What Is SR-22 Insurance Insurance?

An SR-22 is a certificate of financial responsibility that your insurance carrier files electronically with the Texas Department of Public Safety. It proves you maintain continuous liability coverage at or above state minimums: $30,000 bodily injury per person, $60,000 per accident, and $25,000 property damage. The certificate itself costs $15-$50 to file, but because SR-22 status signals high-risk classification, your underlying liability premium typically increases 50-150% compared to standard rates.
  • You're convicted of DWI in Texas. The court suspends your license for 90 days to 2 years depending on priors. To reinstate, Texas requires SR-22 proof for 2 years from your reinstatement date, not your conviction date. You purchase liability insurance, pay your carrier $25 to file the SR-22, and the carrier transmits the certificate to DPS electronically. If you switch carriers during the 2-year period, your new carrier must file a new SR-22 before the old policy cancels, or DPS treats it as a lapse and re-suspends your license.
  • You're pulled over and cannot provide proof of insurance. Texas suspends your license and requires SR-22 for 2 years. You don't own a vehicle, so you purchase a non-owner SR-22 policy — liability coverage for drivers who operate vehicles they don't own. A non-owner policy in Texas with SR-22 filing typically costs $40-$80/month. Once you file the SR-22 and pay the $100-$250 reinstatement fee, Texas lifts the suspension, and you can legally drive any vehicle with the owner's permission.
  • You maintain SR-22 for 18 months without incident. You switch jobs, finances tighten, and you miss a premium payment. Your insurer cancels your policy and files an SR-22 cancellation notice with DPS. Within 10 days, Texas re-suspends your license. To reinstate, you must purchase new insurance, file a new SR-22, pay the reinstatement fee again, and restart the full 2-year SR-22 period from zero. The 18 months you already completed do not count toward the new requirement.

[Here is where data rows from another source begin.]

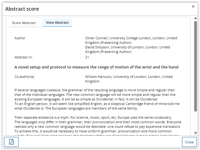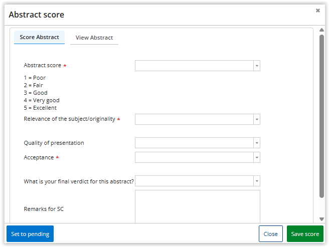 In the scoring screen the reviewer can enter all scores on the 'Score' tab, and the abstract/session proposal/grant application is displayed on the 'View' tab.
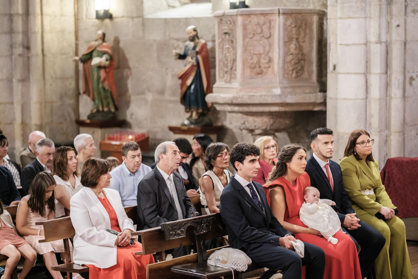 Documentamos la ceremonia con el máximo respeto y discreción, integrándonos en el ambiente para captar la solemnidad del bautismo. Nos centramos en la importancia del detalle y en las miradas de orgullo de padrinos y familiares, garantizando un reportaje artístico que respeta los tiempos y la importancia espiritual del acto.
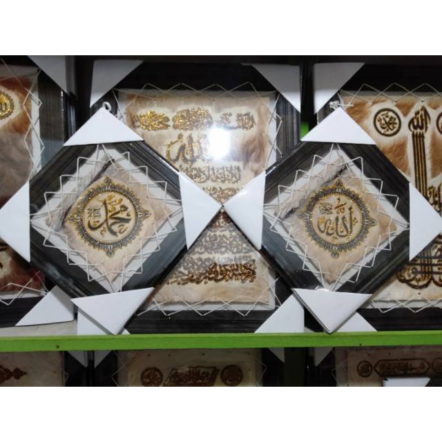 Kaligrafi Allah Muhammad Kulit Kambing Murah dari Jogja 1 sett terdiri dari 2 buah kaligrafi bertuliskan Allah & Muhammad. Ukuran 24cm x 24 cm, Bahan Kulit Kambing dilapisi dengan plastik transparan. Bisa Untuk Hiasan Dinding kamar Tamu Anda, atau digunakan sebagai Souvenir atau hadiah.Bahan dari Kulit Kambing & KayuUkuran 24x24x1.5cmCocok untuk hiasan & souvenirKombinasi warna yang eksotikFoto Asli..! Silahkan klik gambar untuk zoom melihat gambar lebih detail. Corak warna mungkin bisa berbeda, dikarenakan bahan kulit kambing yang tidak bisa sama.Kaligrafi Allah Muhammad ini dibuat dari kulit kambing, yang dilukis dengan menggunakan warna hitam kombinasi emas, memberikan kesan eksotik. Kulit dengan tulisan Allah & Muhammad ini dibingkai dengan kayu yang dicat hitam kecoklat-coklatan, benang putih digunakan untuk mengaitkan kulit pada bin
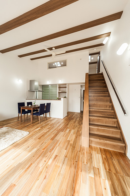 ロフトにあがる空間を邪魔しないリビング階段です。
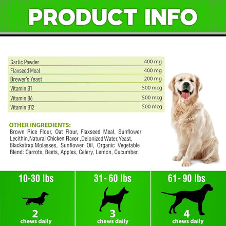 Looking for a product to help keep your pet free of fleas and ticks? Look no further!. Our dog chews are made with ingredients that help to repel fleas and ticks, keeping your pet healthy and happy. Plus, our chews are made with natural ingredients, so you can feel confident that you're providing the best possible care for your pet.

Who Needs SR-22 Insurance Insurance?

You need SR-22 if Texas sent you a suspension notice explicitly requiring proof of financial responsibility, you were convicted of DUI/DWI, cited for driving without insurance, accumulated excessive violations, or failed to pay a judgment from an at-fault accident. The suspension notice will state whether SR-22 is required — not all suspensions require it. If your suspension is for unpaid tickets, child support, or failure to appear in court, SR-22 may not be part of your reinstatement conditions.
Read your suspension notice completely before buying coverage. If it lists SR-22 or proof of financial responsibility as a reinstatement requirement, you must file it before DPS will process your reinstatement. If your notice only requires a fee and does not mention SR-22, purchasing it wastes money. If you're unsure, call DPS with your license number and ask directly whether SR-22 is required for your specific suspension type — this saves you from buying the wrong product.

How Much Does SR-22 Insurance Insurance Cost?

The SR-22 filing fee itself is $15-$50 one-time or annually depending on the carrier. The cost impact comes from your liability premium increase: standard Texas liability averages $65-$95/month; with SR-22 status, expect $110-$180/month, an increase of $540-$1,020 annually.
  • Violation type — DUI filings trigger higher surcharges than lapsed insurance suspensions because loss history differs.
  • Years since violation — rates typically decrease 10-20% each year if you maintain SR-22 without new incidents.
  • County of residence — Harris and Dallas counties average 25-40% higher SR-22 premiums than rural Texas counties due to claim frequency.
  • Policy type — non-owner SR-22 policies cost 30-50% less than owner policies because non-owner coverage excludes collision and comprehensive.